> _Your assignment_: Please transcribe exactly the lines from the first line of the records below through the line containing "Resultado da TIMEMANIA", including both, and omit all pictures.

———

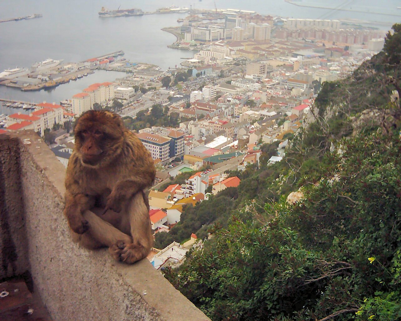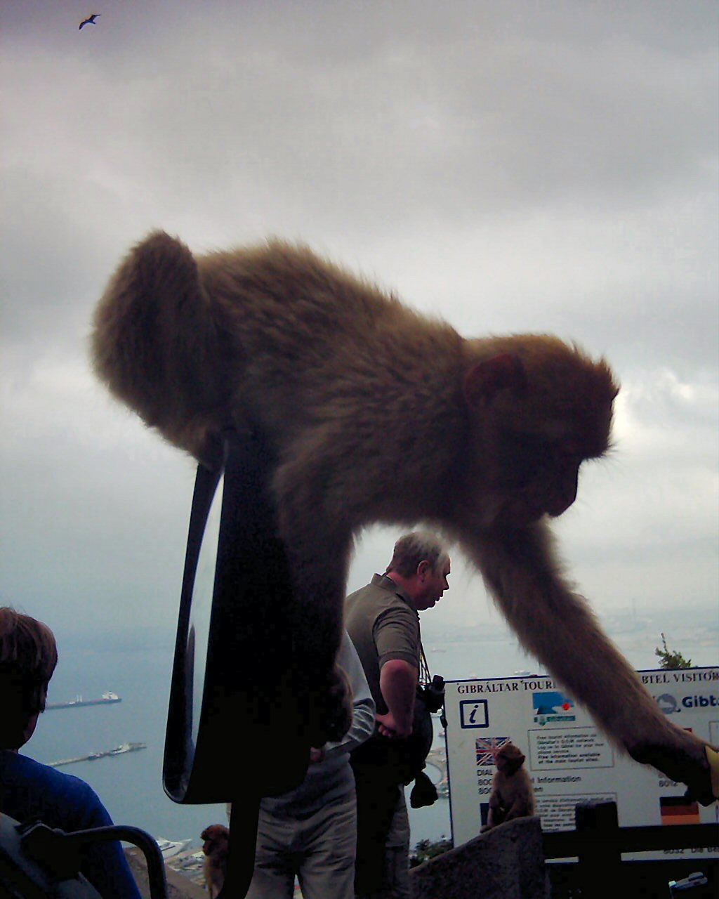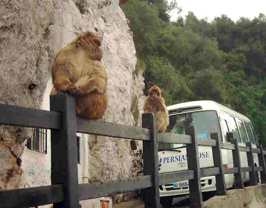 After this we approached the area where the Barbary apes are to be found, or the Gibraltar monkeys as they are more commonly known. The current estimate is 205 living there in the wild. There were large ones, small ones, cheeky ones, solemn ones and greedy ones. They are ready to grab any tit-bits that visitors might proffer. There was a splendid view over the harbour and the reclaimed area.
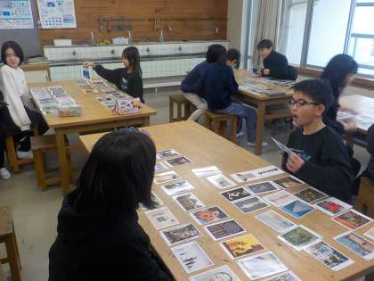 4年生は図工科で、カードを使いながら鑑賞の学習をしました。どのカードを選び、どこを気に入ったかを紹介し合う活動に取り組みました。
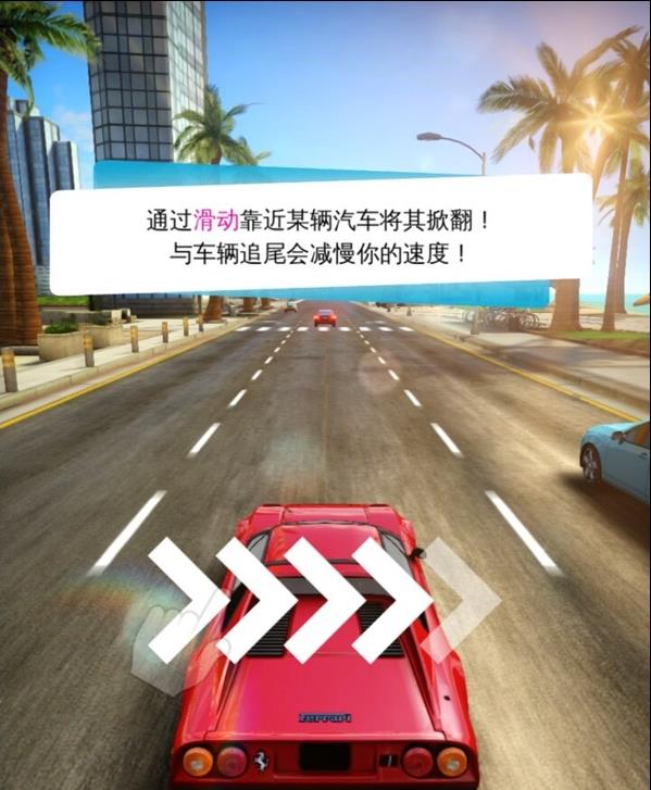 赛道中为了避免和其余车辆追尾而减慢自身的速度,我们可以在靠近汽车时将其掀翻,向左或向右滑动就可以了。
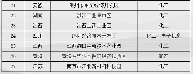 入圍的化工園區有:上海化學工業區、四川什邡經濟開發區、安慶市高新技術產業開發區、姚家港化工園、宜都高新技術產業園、祥云財富工業園、連云港徐圩新區、江西德安工業園、泰興經濟開發區、荊門化工循環產業園、江西新干工業園、貴州福泉經濟開發區、池州市東至經濟開發區、洪江工業集中區、江西金溪工業園、綿陽經濟技術開發區、江西湖口高新技術產業園、南京市江北新材料科技園。
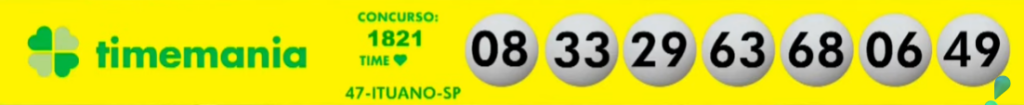 Resultado da TIMEMANIA de hoje, sábado, 13/08, concurso 1821
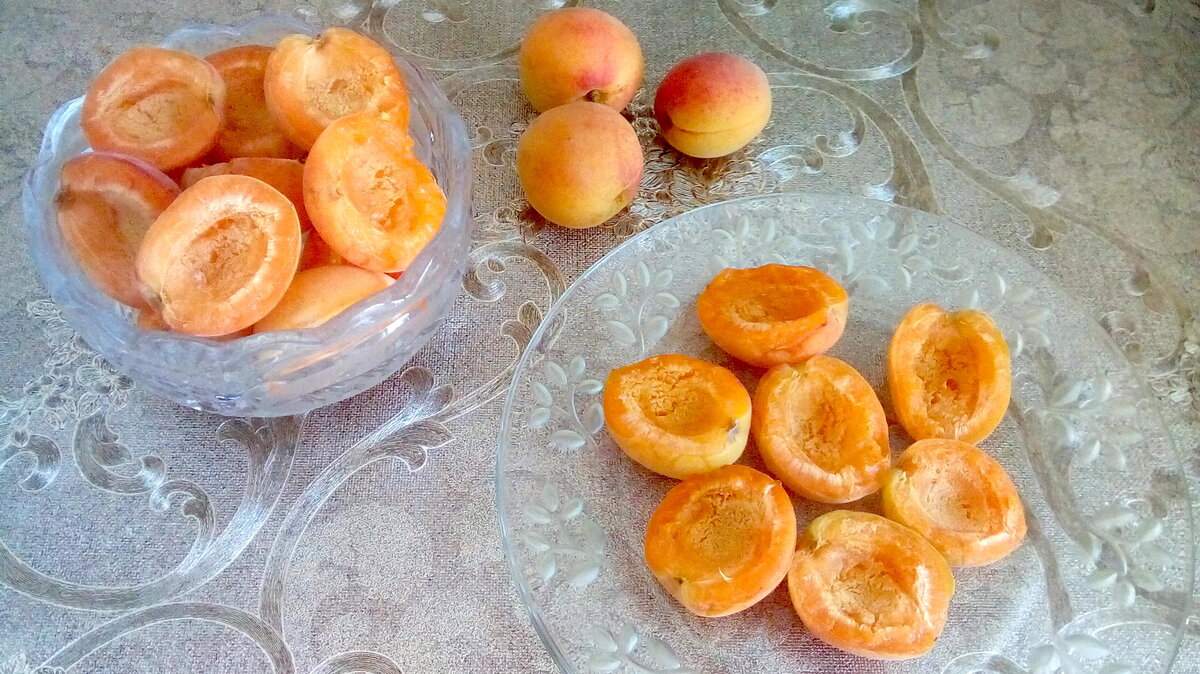 Я очень люблю выпечку с ягодами и фруктами. Но, увы, сезон свежих ягод недолог, поэтому единственный вариант, как заготовить их на зиму – это заморозить. И летом я замораживаю побольше малины, вишен, смородины и слив, а в этом году таким способом заготовила еще и абрикосы. И могу вас заверить, что замороженные абрикосы совершенно не теряют вкусовых качеств и остаются целыми и ароматными. Если Вы, как и я, не представляете своей жизни без фруктовых десертов, смело замораживайте абрикосы и наслаждайтесь всю зиму этими душистыми и сладкими фруктами. Все, что нам понадобится для замороженных абрикосов, это, собственно, сами плоды, поднос (или большое плоское блюдо) и пластиковый контейнер. Шаг №1. Абрикосы перебираем (слишком спелые и подгнившие фрукты откладываем) и обязательно промываем в холодной воде. Шаг №2. Раскладываем их на поднос и даем полностью подсохнуть. Шаг №3. Аккуратно разделяем плоды на две половинки и извлекаем косточку. Кстати, абрикосовые косточки я не выбрасываю, а под
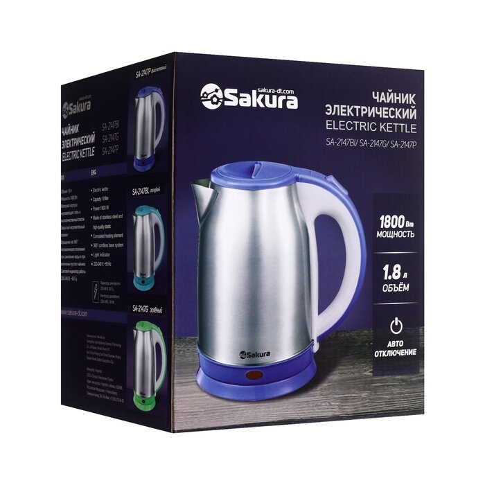 SAKURA Чайник электрический Sakura SA-2147BL, металл, 1.8 л, 1800 Вт, голубой
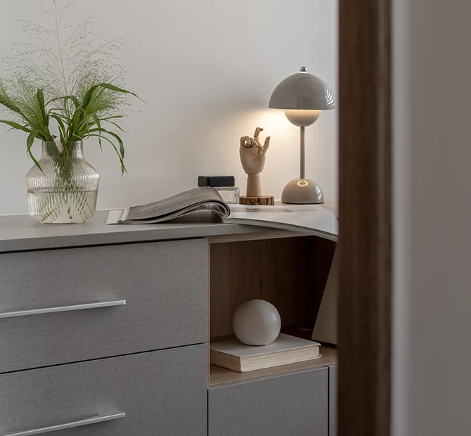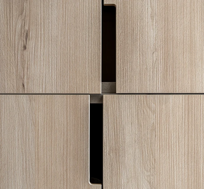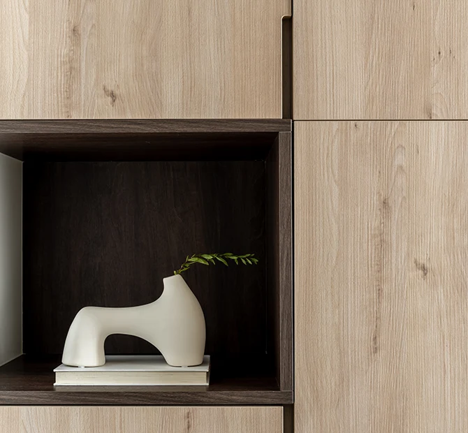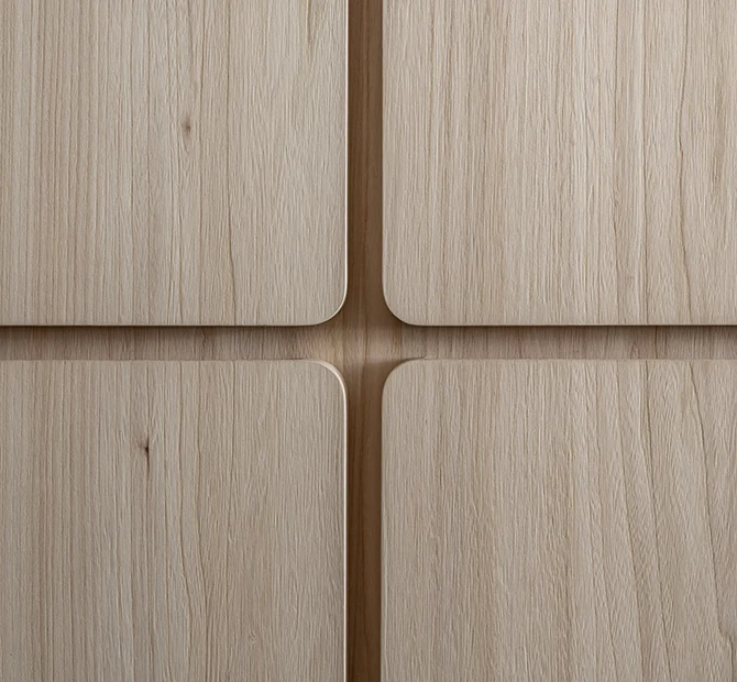 一座頂天立地的收納高櫃,如格在要滿足機能的同時,不顯得笨重壓迫?我們的答案,藏在日式美學的精髓裏,不在於增加了什麼,而是如何用最少的元素,創造最深的韻味。沒有使用複雜的造型或把手,而是奉行輕量裝修的減法藝術,只在每一扇門片的轉角,向內切削出一道圓弧,當四扇門片闔上時,一個宛如幸運草般的雅緻圖騰,便自然浮現。它是低調的驚喜,一個獻給家的幸運祝福,也是在機能與美感之間,找到那個恰到好處的解答。
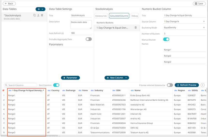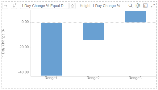 For this example, the minimum value of the Source Column (1 Day Change %) is -0.35 and the maximum value is 0.12. When there are three buckets the ranges will be:
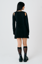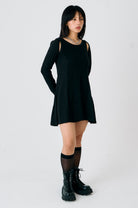 Black long sleeve mini dress with panel seams and shoulder cut out
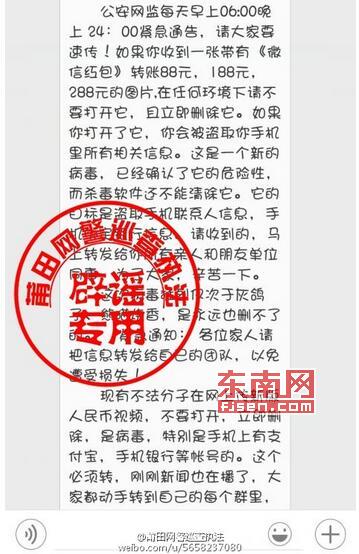 莆田市建材網(wǎng)莆田7月14日訊,近日,朋友圈里又在瘋傳一條信息,稱“接到公安網(wǎng)監(jiān)緊急通知,‘微信紅包’圖片帶毒”。對此,莆田公安局網(wǎng)絡(luò)安全保衛(wèi)支隊(duì)回復(fù),該消息系謠言,但同時(shí)提醒廣大網(wǎng)友要保持警惕。
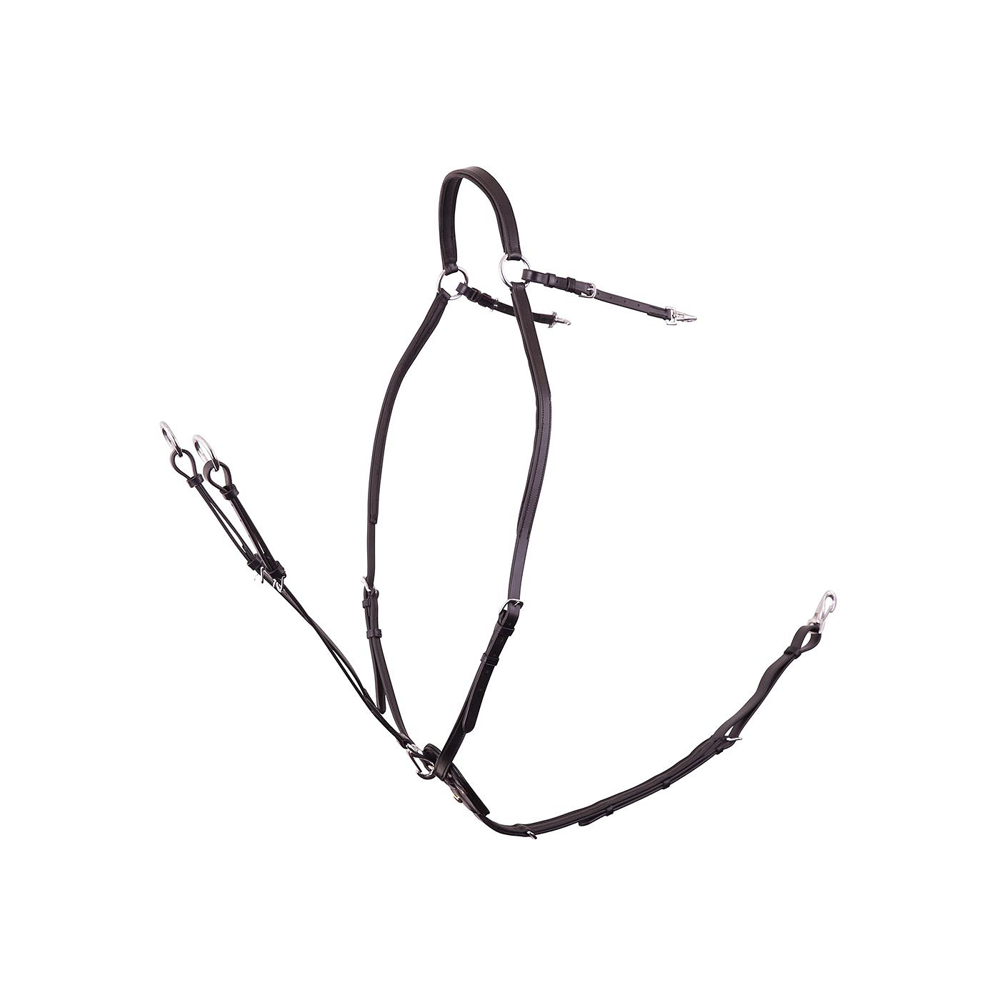 Luxurious leather breastplate with numerous settings. The breastplate can easily be attached to the saddle with the carabiners and the girth can also be attached with a carabiner or just with a buckle closure. The breast collar is made of the best full grain European leather, this leather is strong, supple, soft to the touch and is durable. Most parts have a soft lining and everything is nicely finished and has high quality stainless steel hardware. The breastplate comes with an adjustable leather martingale attachment with a carabiner so it can easily taken off or it can be put on.
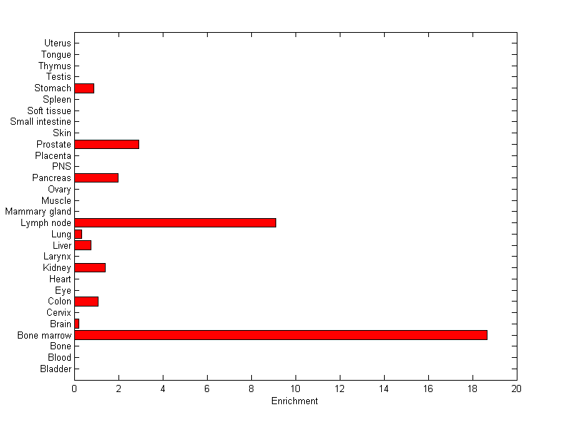 About the profile: The expression level is normalized with tissue-library size. Each value for a gene in a tissue is a ratio of observed ESTs to the expected one in this tissue. The expected number of ESTs is the product of total ESTs of the gene and the fraction of total ESTs in the tissue among all ESTs in 30 tissues. Summary: This gene is preferentially expressed in [bone_marrow, lymph_node] Download: |
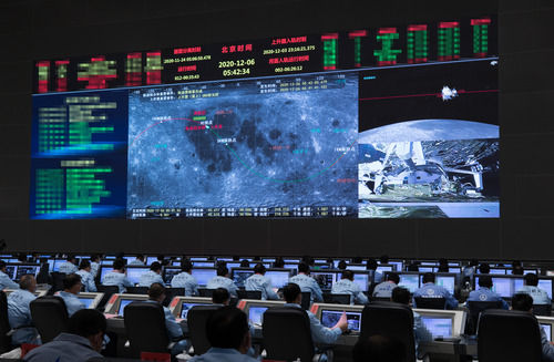 12月6日,航天科技人員在北京航天飛行控制中心指揮大廳監(jiān)測(cè)嫦娥五號(hào)上升器與軌道器返回器組合體交會(huì)對(duì)接情況。新華社記者 金立旺 攝
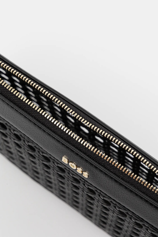 Небольшая сумочка из коллекции BOSS. Застегивается на молнию, выполнена из комбинации синтетического материала и экокожи.
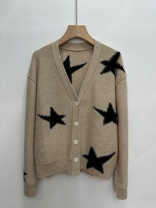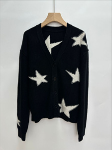 ZV25秋冬新款羊绒V领单排扣开衫重工挂毛五角星撞色针织衫毛衣女
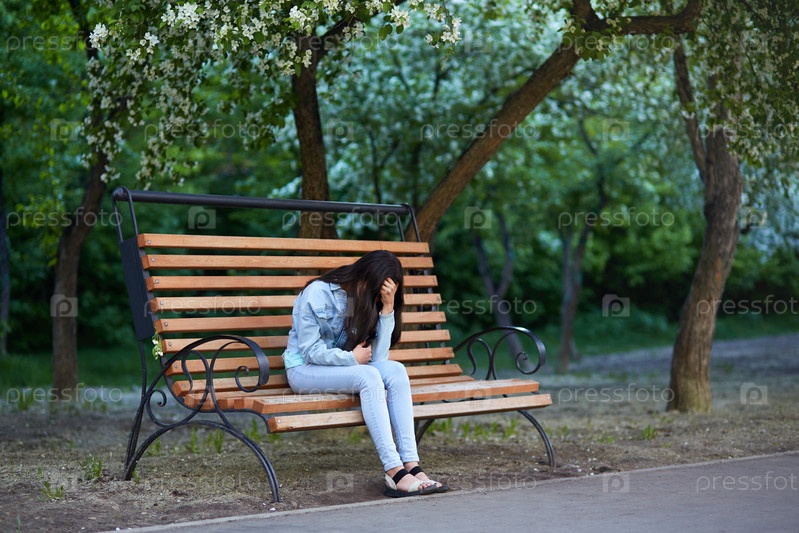 Расстроенная грустная девочка-подросток сидит на скамейке в парке, держась за голову, закрыв лицо
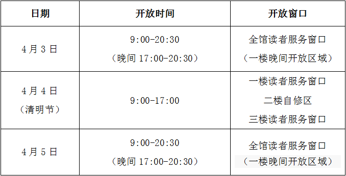 根据《国务院办公厅关于2021年部分节假日安排的通知》,金陵图书馆结合工作实际情况,将2021年清明节期间具体开放时间和开放窗口安排如下:
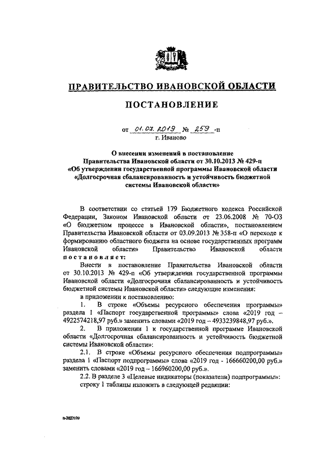 Постановление Правительства Ивановской области от 01.07.2019 N 259-п "О внесении изменений в постановление Правительства Ивановской области от 30.10.2013 N 429-п "Об утверждении государственной программы Ивановской области "Долгосрочная сбалансированность и устойчивость бюджетной системы Ивановской области"
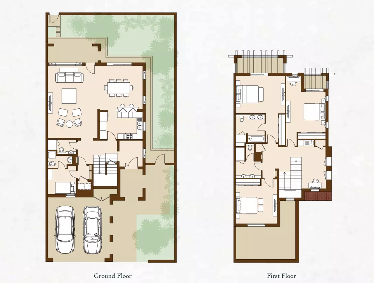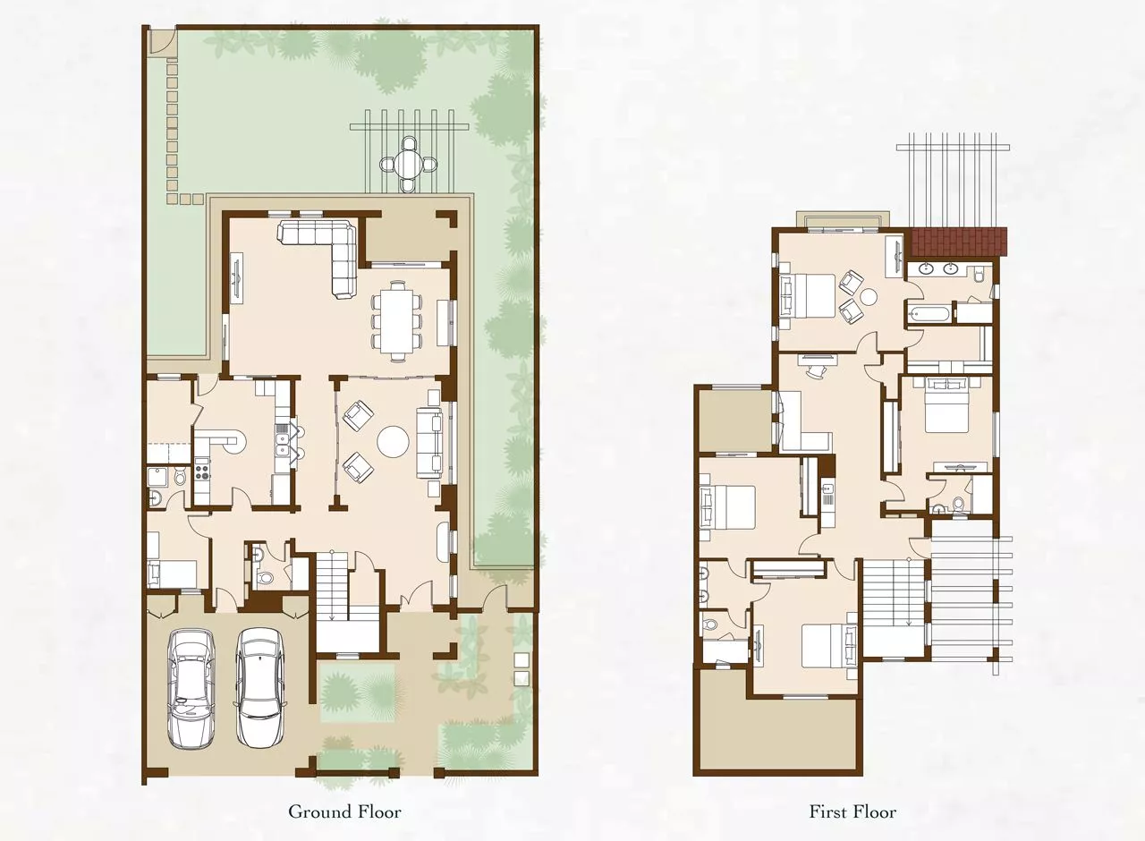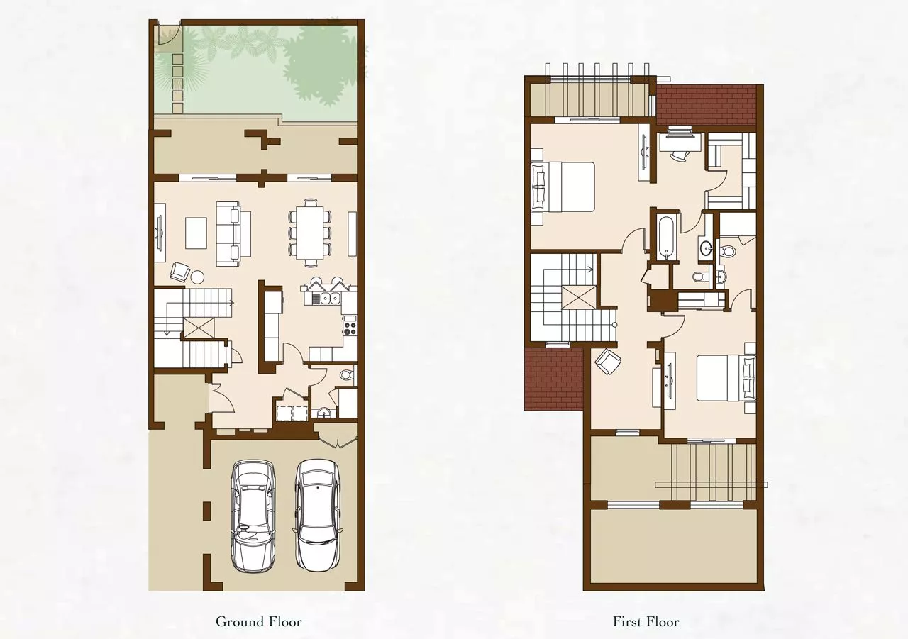 Жилая площадь стильных 2-этажных (G+1) резиденций составляет от 259 кв. м до 440 кв. м. С акцентом на элегантные детали и натуральные материалы, виллы и таунхаусы Mushrif Village располагают комнатами для прислуги, семейной комнатой, частной парковкой и открытым садом.

———

> _Answer for this exercise_:
 After this we approached the area where the Barbary apes are to be found, or the Gibraltar monkeys as they are more commonly known. The current estimate is 205 living there in the wild. There were large ones, small ones, cheeky ones, solemn ones and greedy ones. They are ready to grab any tit-bits that visitors might proffer. There was a splendid view over the harbour and the reclaimed area.
 4年生は図工科で、カードを使いながら鑑賞の学習をしました。どのカードを選び、どこを気に入ったかを紹介し合う活動に取り組みました。
 赛道中为了避免和其余车辆追尾而减慢自身的速度,我们可以在靠近汽车时将其掀翻,向左或向右滑动就可以了。
 入圍的化工園區有:上海化學工業區、四川什邡經濟開發區、安慶市高新技術產業開發區、姚家港化工園、宜都高新技術產業園、祥云財富工業園、連云港徐圩新區、江西德安工業園、泰興經濟開發區、荊門化工循環產業園、江西新干工業園、貴州福泉經濟開發區、池州市東至經濟開發區、洪江工業集中區、江西金溪工業園、綿陽經濟技術開發區、江西湖口高新技術產業園、南京市江北新材料科技園。
 Resultado da TIMEMANIA de hoje, sábado, 13/08, concurso 1821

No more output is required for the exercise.